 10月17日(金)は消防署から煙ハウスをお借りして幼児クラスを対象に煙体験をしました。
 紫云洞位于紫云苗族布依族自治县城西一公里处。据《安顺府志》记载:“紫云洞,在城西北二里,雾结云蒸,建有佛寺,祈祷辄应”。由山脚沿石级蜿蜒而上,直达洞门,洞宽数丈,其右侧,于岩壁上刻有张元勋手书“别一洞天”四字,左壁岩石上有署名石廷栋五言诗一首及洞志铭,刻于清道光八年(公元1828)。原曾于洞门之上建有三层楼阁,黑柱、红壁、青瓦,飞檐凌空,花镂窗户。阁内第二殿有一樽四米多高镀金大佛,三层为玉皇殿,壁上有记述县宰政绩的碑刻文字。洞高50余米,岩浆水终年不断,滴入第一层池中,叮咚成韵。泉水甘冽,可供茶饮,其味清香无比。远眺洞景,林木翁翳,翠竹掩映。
---------------
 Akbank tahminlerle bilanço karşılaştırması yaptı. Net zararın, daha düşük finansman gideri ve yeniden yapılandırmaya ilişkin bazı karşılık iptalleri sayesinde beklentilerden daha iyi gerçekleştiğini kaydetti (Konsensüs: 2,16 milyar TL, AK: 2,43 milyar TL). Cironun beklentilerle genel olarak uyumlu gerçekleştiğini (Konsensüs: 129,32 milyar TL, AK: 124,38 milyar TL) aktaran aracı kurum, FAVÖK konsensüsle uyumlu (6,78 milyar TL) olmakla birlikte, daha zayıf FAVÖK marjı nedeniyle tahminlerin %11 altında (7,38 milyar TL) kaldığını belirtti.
---------------
= TASK DETAILS =
From the material above, copy exactly the lines between the line holding "10月17日(金)は消防署か" and the line holding "紫云洞位于紫云苗族布依族自治", inclusive, and only those.

= TASK OUTPUT =
 10月17日(金)は消防署から煙ハウスをお借りして幼児クラスを対象に煙体験をしました。
 紫云洞位于紫云苗族布依族自治县城西一公里处。据《安顺府志》记载:“紫云洞,在城西北二里,雾结云蒸,建有佛寺,祈祷辄应”。由山脚沿石级蜿蜒而上,直达洞门,洞宽数丈,其右侧,于岩壁上刻有张元勋手书“别一洞天”四字,左壁岩石上有署名石廷栋五言诗一首及洞志铭,刻于清道光八年(公元1828)。原曾于洞门之上建有三层楼阁,黑柱、红壁、青瓦,飞檐凌空,花镂窗户。阁内第二殿有一樽四米多高镀金大佛,三层为玉皇殿,壁上有记述县宰政绩的碑刻文字。洞高50余米,岩浆水终年不断,滴入第一层池中,叮咚成韵。泉水甘冽,可供茶饮,其味清香无比。远眺洞景,林木翁翳,翠竹掩映。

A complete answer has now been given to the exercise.